The reason why it is those who are in council accommodation who suffer the most overcrowding is because of the failure of the successive governments to successively replenish the stock of those homes sold under Right to Buy. I would remind the Assembly Member that for every five homes sold under Right to Buy, only one had been replaced.
The problem is his Government’s because the funding it has given us is disproportionately skewed towards intermediate housing, which is one- and two-bedroom. If he could use his influence over his Government to persuade them to give us funding that helps us fund family-sized social homes, we would be able to do so.
Here is the good news: notwithstanding that over the last three years we have broken record after record with the amount of genuine affordable homes begun in our city which are helping those families, the most recent figures published show that last year we began more than 17,000 genuinely affordable homes. Of those, more than 7,000 were social rent and more than 3,000 council homes. That is just one example of the difference a Labour Mayor is making.

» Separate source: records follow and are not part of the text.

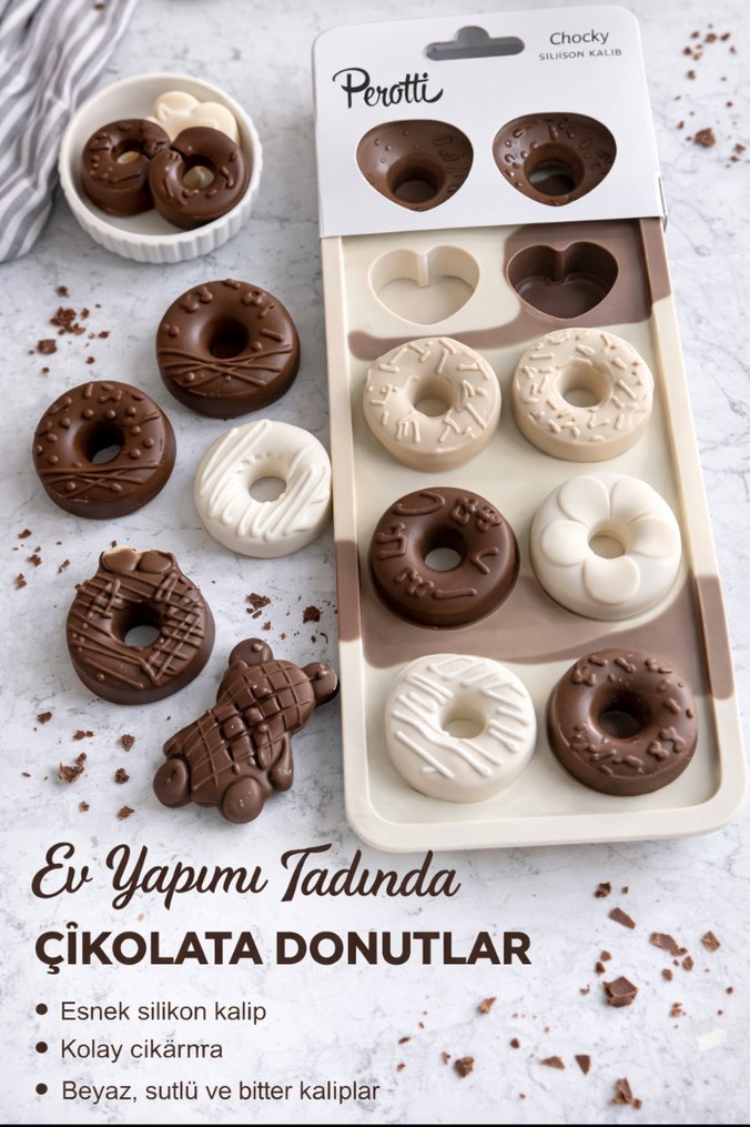 Perotti'nin esnek silikon kalıbı, ev yapımı tadında çikolata donutlar için uygundur. Kolay çıkarma özelliği ve farklı donut şekilleri bulunur. Fırında güvenle kullanılabilir.Chocky silikon 12li kek kalıbı. Çoklu alım için ilan açtırmanızı rica ederim.Stoklarda mevcuttur.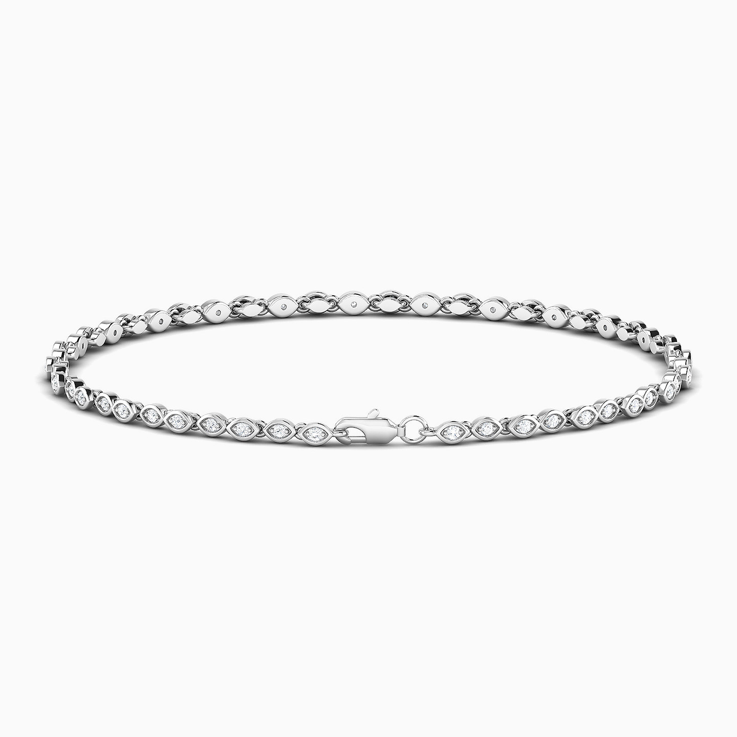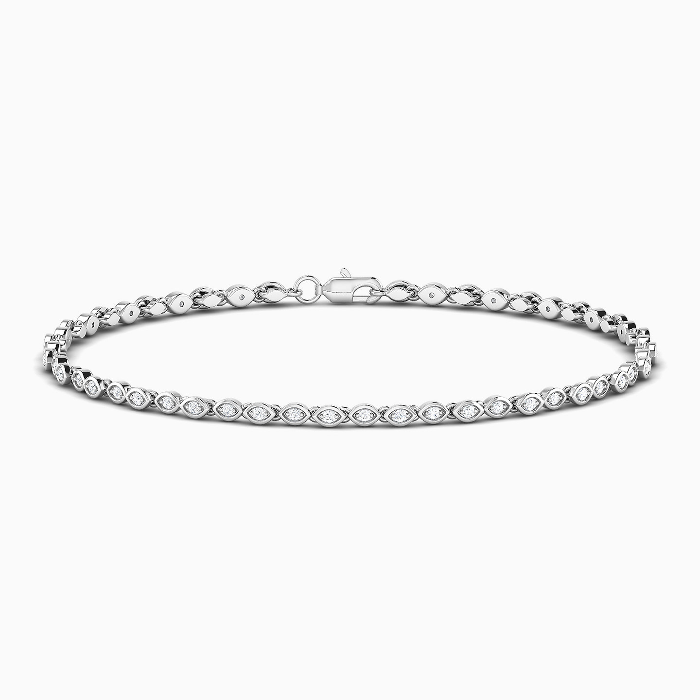 Indulge in the timeless allure of this 18-karat white gold tennis bracelet from L'azurde Diamonds. Featuring round diamonds that glisten with every movement, this classic piece exudes sophistication and pairs seamlessly with both casual and formal ensembles. Its understated elegance is perfect for those who appreciate fine jewelry with a touch of sparkle.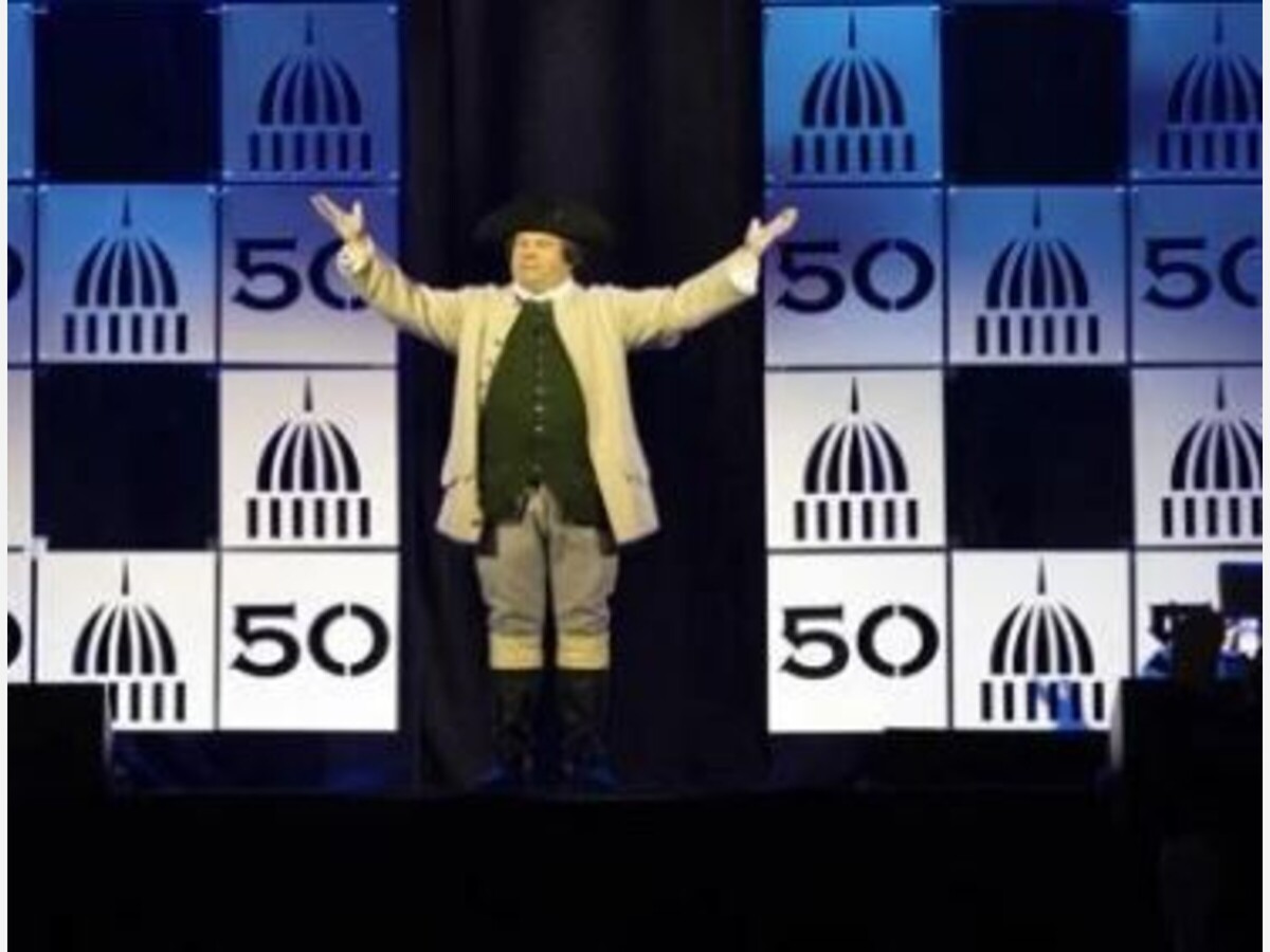 An actor playing Paul Revere beckons to the crowd at the National Conference of State Legislatures' annual meeting in Boston on Aug. 5, 2025.Hosting more than 8,000 legislators, staff and guests from across the nation might seem like bad timing for Massachusetts lawmakers to face new ballot campaigns aimed at docking their pay and forcing open their records — or maybe it offered a chance to find allies who understand the pressure. In the Seaport convention center, the National Conference of State Legislatures held a "Ballot Measures as Barometers" panel on Wednesday, the same day that folks across town were filing 2026 initiative petition language and signatures and thinking about the road to next fall's ballot. Among the 47 measures residents and advocacy groups hope to put before voters (some duplicates) are proposals that seek to overhaul the financial stipends that legislative leaders award to many lawmakers, and subject the governor's office and Legislature to the state's public records law.

We could do far more with a decent deal from the Government, and that is why I said in my opening that we are now working on the next deal with the Government. If he has any influence over the Government, he should use it to say to the Government, “Use this awful crisis and the potential recession as an opportunity to properly fund council homes”. The cross-subsidy model is not working. We need decent-sized family homes for those on the council housing waiting lists.
Let me respond to that point, Chair, because I know you are going to be fair and impartial. The point that has been made is that I am a missing Mayor and these children are looking to me for help. That is one of the motivations for the record number of council homes. The last time we began more than 3,000 council homes was in 1982. I was 12 years old. That is the difference I am making to these families.
Also, what these families are looking for is leadership from Conservative Members of the Assembly who have influence over their Conservative friends in the Government. Use that influence to lobby them to give us a decent deal to make sure we can build family-sized council homes and increase the supply of genuinely affordable homes in our great city.